Segment Open

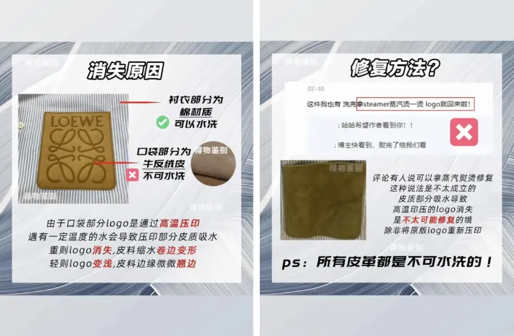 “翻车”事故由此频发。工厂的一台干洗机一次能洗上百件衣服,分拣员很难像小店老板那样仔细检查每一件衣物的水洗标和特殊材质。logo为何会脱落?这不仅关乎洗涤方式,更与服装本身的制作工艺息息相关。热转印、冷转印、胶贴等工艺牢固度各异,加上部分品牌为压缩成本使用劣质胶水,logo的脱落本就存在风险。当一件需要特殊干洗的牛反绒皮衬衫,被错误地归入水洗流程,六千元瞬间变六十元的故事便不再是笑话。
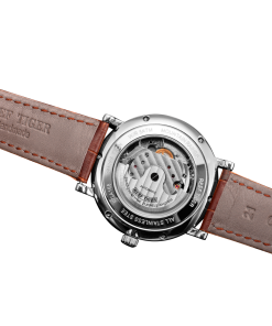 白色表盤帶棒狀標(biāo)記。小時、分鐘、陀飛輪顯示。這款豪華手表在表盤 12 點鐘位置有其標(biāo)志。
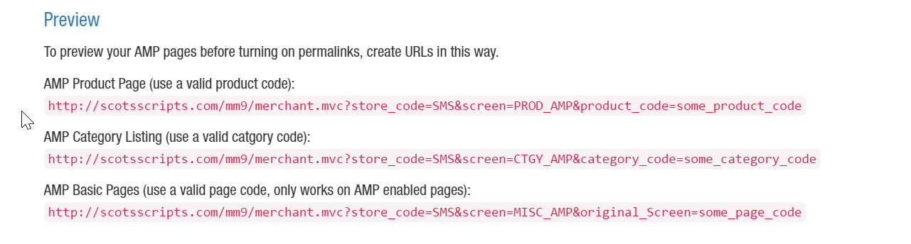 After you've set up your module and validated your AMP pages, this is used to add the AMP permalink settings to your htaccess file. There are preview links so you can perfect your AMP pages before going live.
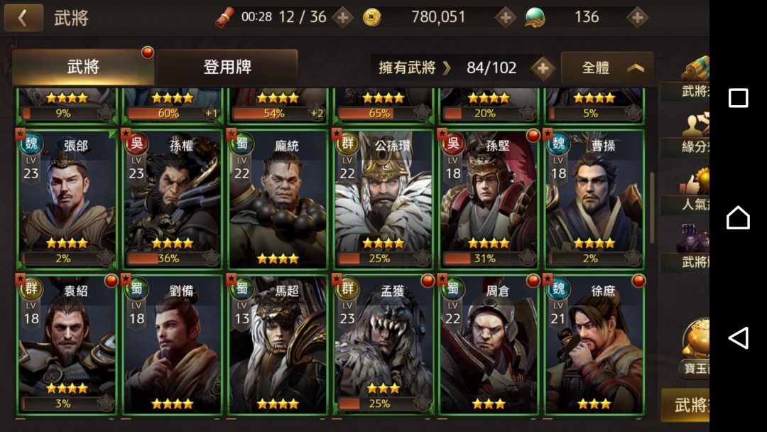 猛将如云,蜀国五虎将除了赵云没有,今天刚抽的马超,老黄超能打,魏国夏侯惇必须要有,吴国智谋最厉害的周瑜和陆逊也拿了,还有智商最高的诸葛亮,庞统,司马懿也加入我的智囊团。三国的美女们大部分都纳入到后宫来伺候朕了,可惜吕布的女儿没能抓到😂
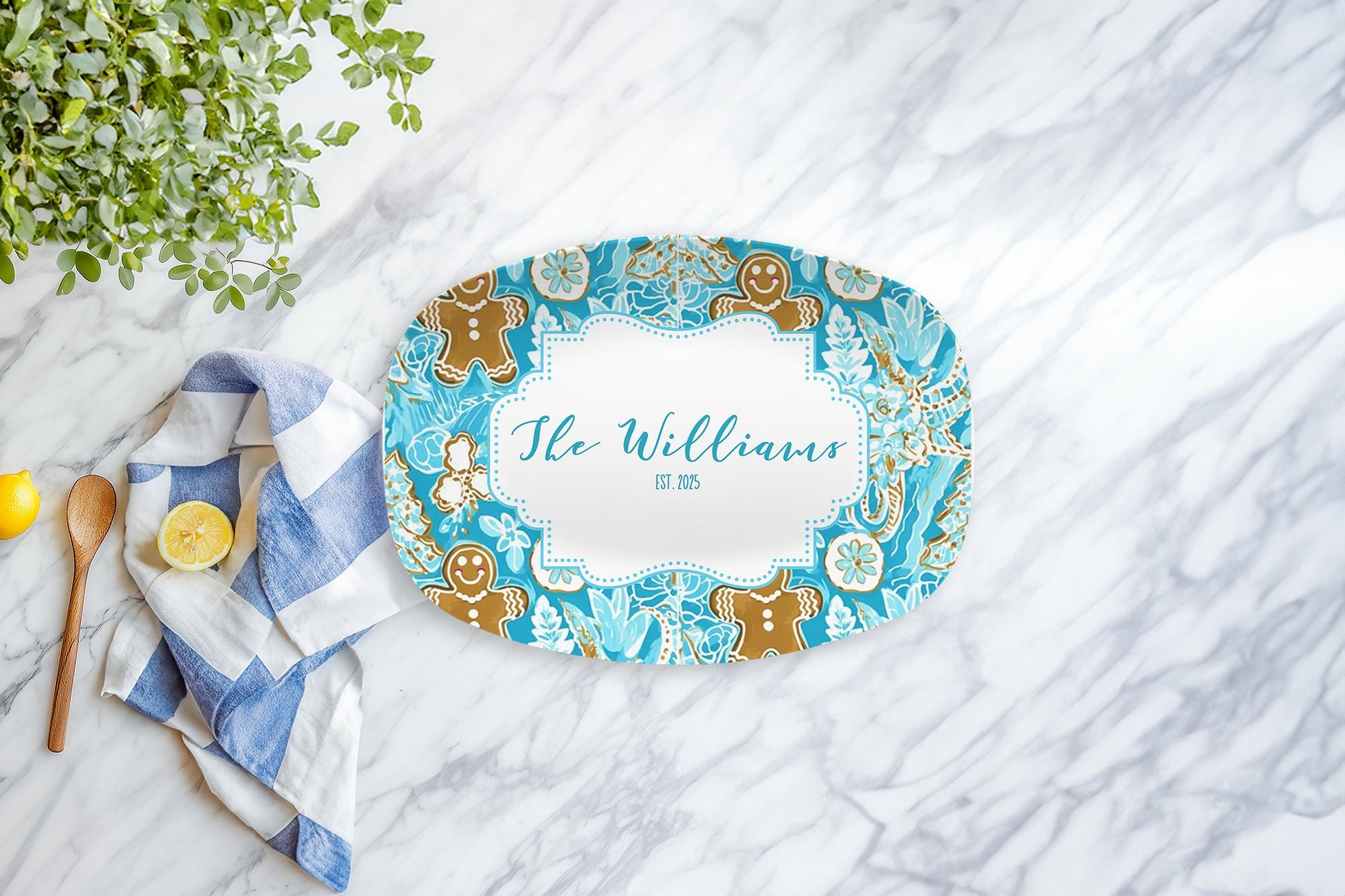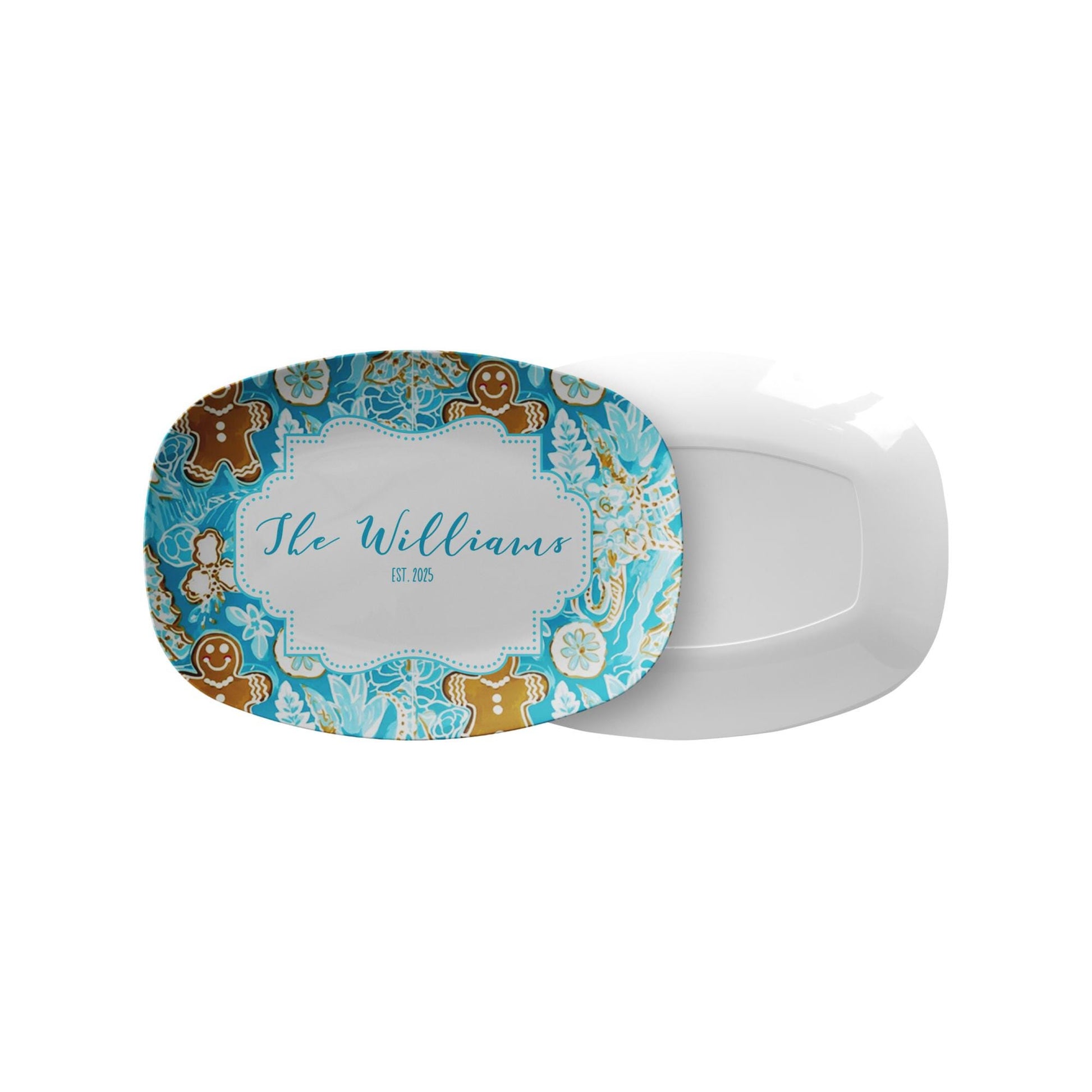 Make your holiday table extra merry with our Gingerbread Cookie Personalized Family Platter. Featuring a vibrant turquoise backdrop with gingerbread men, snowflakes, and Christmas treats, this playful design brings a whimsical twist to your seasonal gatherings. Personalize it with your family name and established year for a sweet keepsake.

Segment Closed

* Requirement
From the line that contains "白色表盤帶棒狀標(biāo)記。小時、分鐘、陀飛輪顯示。這款豪華手表在表盤 12 點鐘位置有其標(biāo)志。" down to the last line of the material above, every line must be repeated exactly, with pictures removed and both end lines included.

* Response to the exercise
 白色表盤帶棒狀標(biāo)記。小時、分鐘、陀飛輪顯示。這款豪華手表在表盤 12 點鐘位置有其標(biāo)志。
 After you've set up your module and validated your AMP pages, this is used to add the AMP permalink settings to your htaccess file. There are preview links so you can perfect your AMP pages before going live.
 猛将如云,蜀国五虎将除了赵云没有,今天刚抽的马超,老黄超能打,魏国夏侯惇必须要有,吴国智谋最厉害的周瑜和陆逊也拿了,还有智商最高的诸葛亮,庞统,司马懿也加入我的智囊团。三国的美女们大部分都纳入到后宫来伺候朕了,可惜吕布的女儿没能抓到😂
 Make your holiday table extra merry with our Gingerbread Cookie Personalized Family Platter. Featuring a vibrant turquoise backdrop with gingerbread men, snowflakes, and Christmas treats, this playful design brings a whimsical twist to your seasonal gatherings. Personalize it with your family name and established year for a sweet keepsake.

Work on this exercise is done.